The new gearset and 4:30 R&P you hit redline (8000) in 4th at 143mph. My shiftlight comes on at 7200 which is about 129mph. At this speed, 129mph, this leaves the car in the power sweetspot in the lower 5th gear at 5500rpms with the shiftlight coming on at 170mph. So it should still be pulling hard at the end of a typical long straight on a track. For reference I've added the super short 5th gear 0.806 ratio for comparison. Perhaps for the really short time-attack tracks in Japan this might be preferred but for US tracks, some with longer straights, the 0.762 is the better choice.

The second modification, as is with any other component on the car is to improve cooling. In this case, higher grade oil and more of it is the key. To get more into the transmission a bigger pan is in order. I installed a VERY rare SuperNow cooling plate and a 1" pan billet aluminum spacer all bolted down with M8x1.25x55mm stainless hardware. This adds another quart of oil to the capacity.

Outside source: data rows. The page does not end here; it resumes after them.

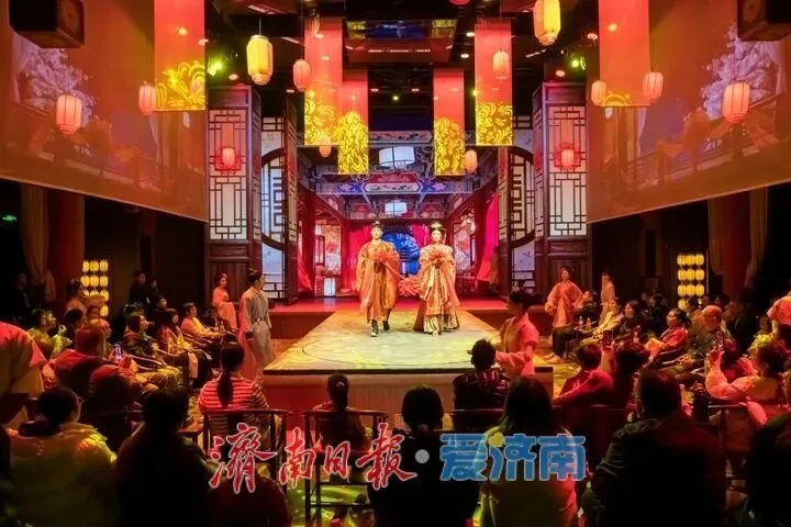 大明湖畔的明湖居全新打造的沉浸式互动演艺《金风玉露宜相逢》人气爆棚,济南融创乐园《梦回西楼》《西游大联欢》等旅游演艺项目现场火爆。省会大剧院、方荣翔大剧院、宝贝剧场等轮番上演京剧、吕剧、音乐剧、儿童剧等各类演出,开心麻花剧场推出爆笑舞台剧《婿事待发》,南丰戏楼沉浸式互动剧《先生》座无虚席。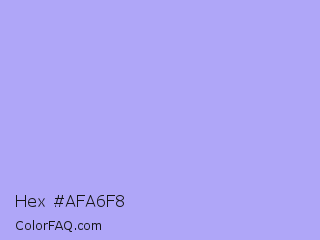 Hex #afa6f8 Color is a very light indigo color and the nearest color is Biloba Flower #b2a1ea. Hex code #afa6f8 and RGB value is rgb(175,166,248). In RGB color space, this color is composed of 69% red, 65% green, 97% blue, In CMYK color space, this color is composed of 29% cyan, 33% magenta, 0% yellow , 3% black , In HSL color space, this color has a hue angle of 247° , 85% saturation and 81% lightness.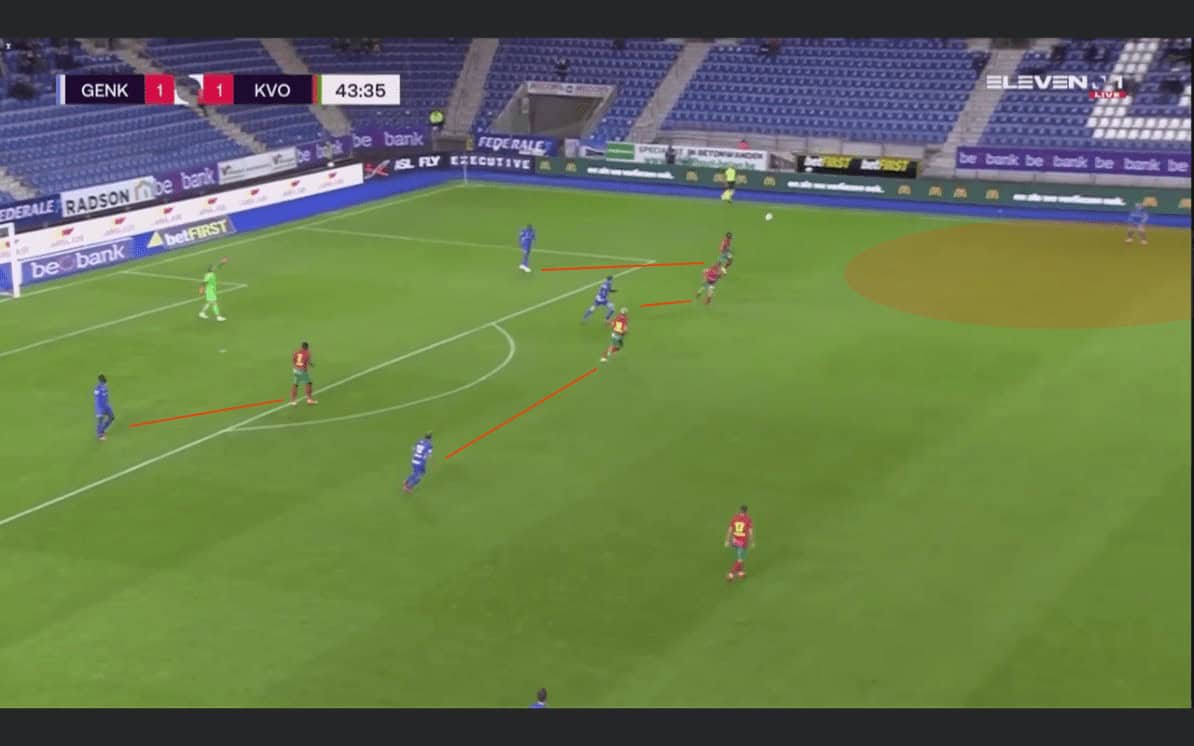 As Blessin has worked as a youth coach in one of the clubs most famous of their high pressing intensity, the German coach also applies this high pressing intensity at Oostende. Their overall PPDA rate during this game was at an impressive 5,3. This means Blessin’s men were constantly chasing down the ball once they lost it and more importantly not allowing Genk to play out of the back. Oostende’s pressing system did get exposed often, this allowed Genk progress through the thirds from the back. Some positional mistakes were the reason for this happening.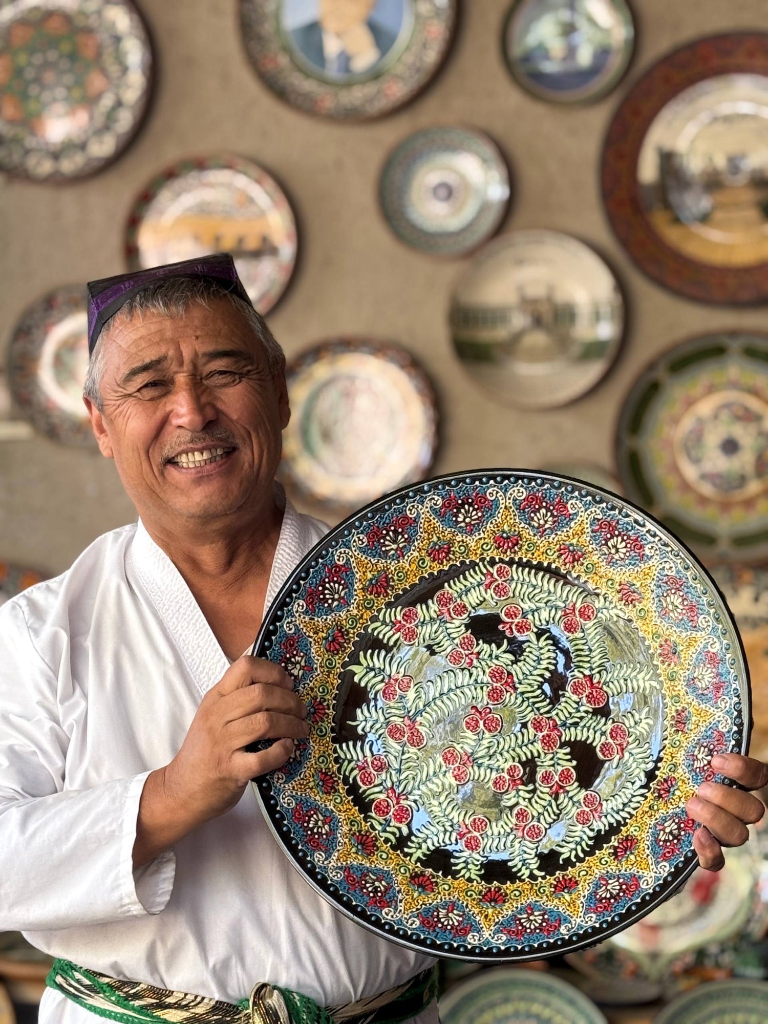 In Rishtan, we stopped at a ceramic workshop. The afternoon light was golden, dust hanging in the air. The usta—the master—was painting a plate with a brush so fine it was almost invisible. Turquoise glaze caught the sun.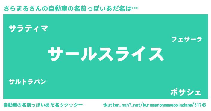| 男性向けラノベタイトル風あだ名 | 『転生したらさらまるだった件』 |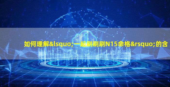 “一起刷刷刷N15命格”这一表述属于网络流行文化中的特殊用语,结合了游戏术语、社交互动和梗文化的特点。具体含义可以从以下几个角度理解: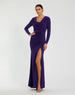 Stunning jersey gown featuring a cowl neck, long sleeves, ruched detailing, and a thigh high slit.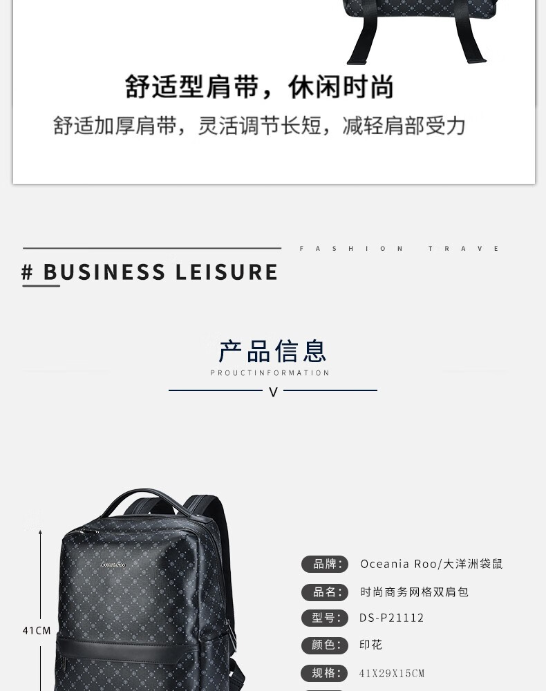 大洋洲袋鼠 休闲双肩包 DS-P21112
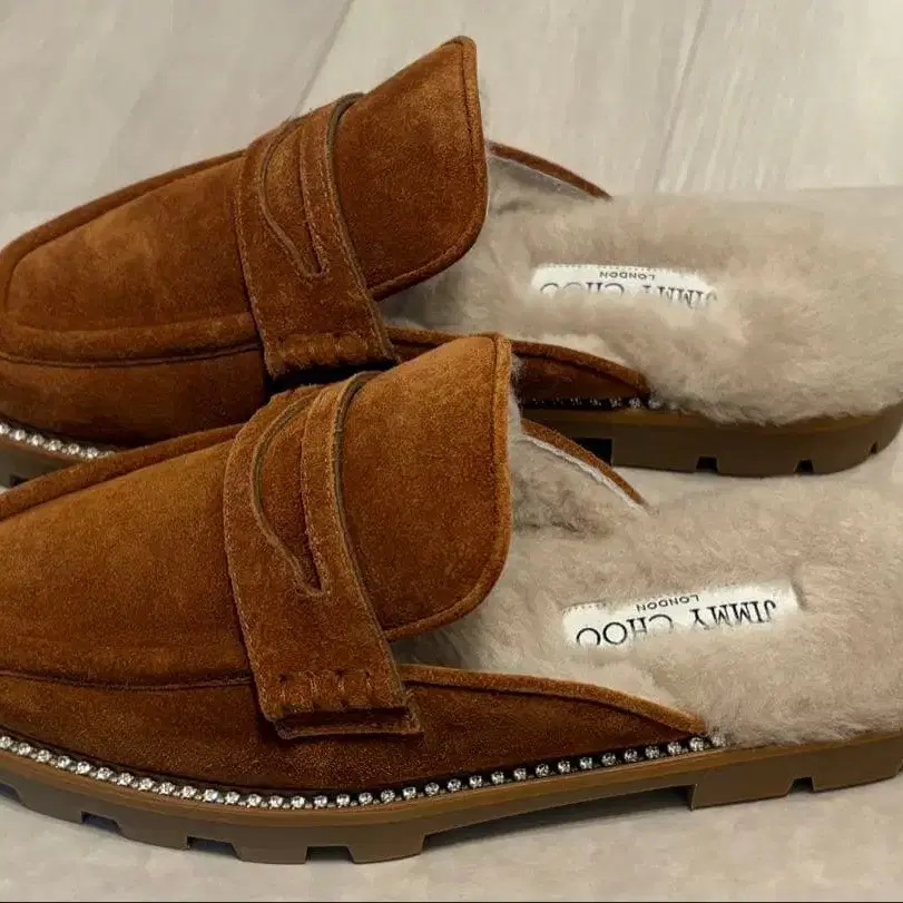 JIMMY CHOO RONNIE FLAT 브라운 로퍼 퍼, 비쥬 장식 소재: 스웨이드, 퍼 컬러: TAN/NATURAL (브라운) 사이즈: 36.5 (23.5cm) 수년 전 정가 11만 엔 정도에 구매했습니다. 시착만 한 새 상품입니다. 신을 기회가 없어 판매합니다. 상자는 약간의 얼룩, 벗겨짐 등이 있습니다.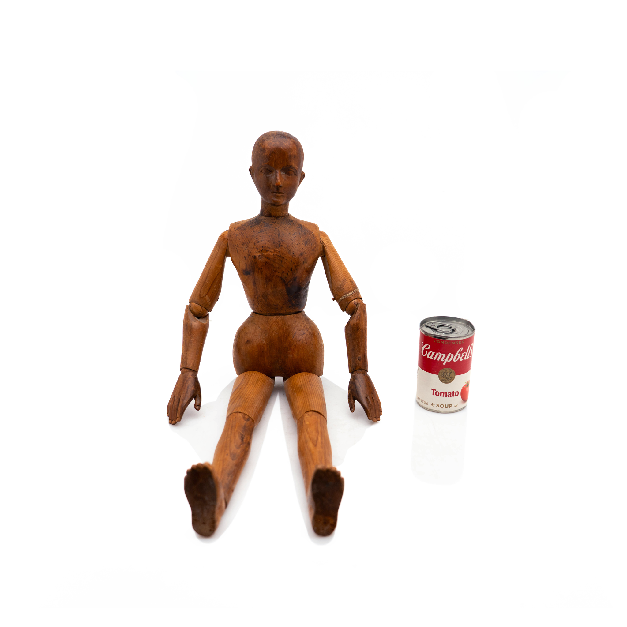 A fine and rare 19th-century French articulated mannequin, entirely crafted from wood. Each joint of the model can articulate as the human body does, allowing these rare models to be used for drawing and sculpting the human form. This example boasts a wonderfully carved face and digits -- coveted features that make this mannequin a fabulous example.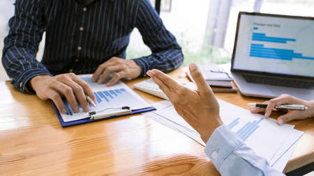 Close up Business people meeting to discuss the situation on the market. Business Financial Concept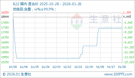 01月26日R22价格17333.33元/吨 60天上涨11.83%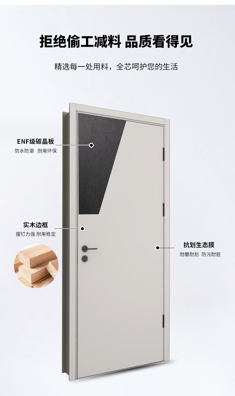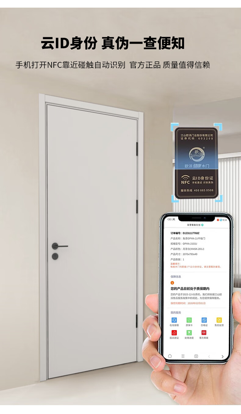 Oupai (OUPAI) wooden door bedroom door interior wooden door room door paint-free door paint-free door full set of wooden door silent door customized carbon crystal door and door frame set Jiangshan wooden door package installation 2001S color contact customer service notes door leaf + double door package + Oupai hardware lock customization

For this particular transmission, I had every single synchro, every single seal,and the fifth gear and reverse slider assemblies, and every piece of consumable hardware replaced. It is a new as you can get without buying a new a factory transmission from Hiroshima. And it was all topped off with 4.5 quarts of NEO synthetic oil 75W90RHD at $(insert stupid amount here) per quart. Oh and I polished the bell housing because I just can't resist polished aluminum bling.


More Cooling: SuperNow cooling plate and large capacity spacer plate


The Pieces of the assembly. Note the standoffs for the windage tray. Stainless hardware for bolting it all up.


Not that I could tell but down in there is a short fifth gear ratio.


A Better Clutch

With more power and torque and the shorter gearing (torque multiplier) a robust clutch is needed. Although the trusty SR Motorsports flywheel/ACT clutch combo was working quite well, in a rare moment of fiscal weakness I purchased a lightly used EXEDY Hyper Carbon - Carbon D Series Stage 7 twin plate clutch. (Part Number: ZM022SDMC). This particular model is now quite rare and discontinued. Fingers crossed I don't run into problems if I need parts or replacement carbon discs. I've read replacement carbon discs are $1200!!! (Part number: DP03 (drvn plate)for those who need to know) and need to be replaced when the thickness reaches 3.3mm according to Exedy but folks have worn them down to as low as 2.5mm and still found the clutch functional. New thickness is 4.2mm for the record.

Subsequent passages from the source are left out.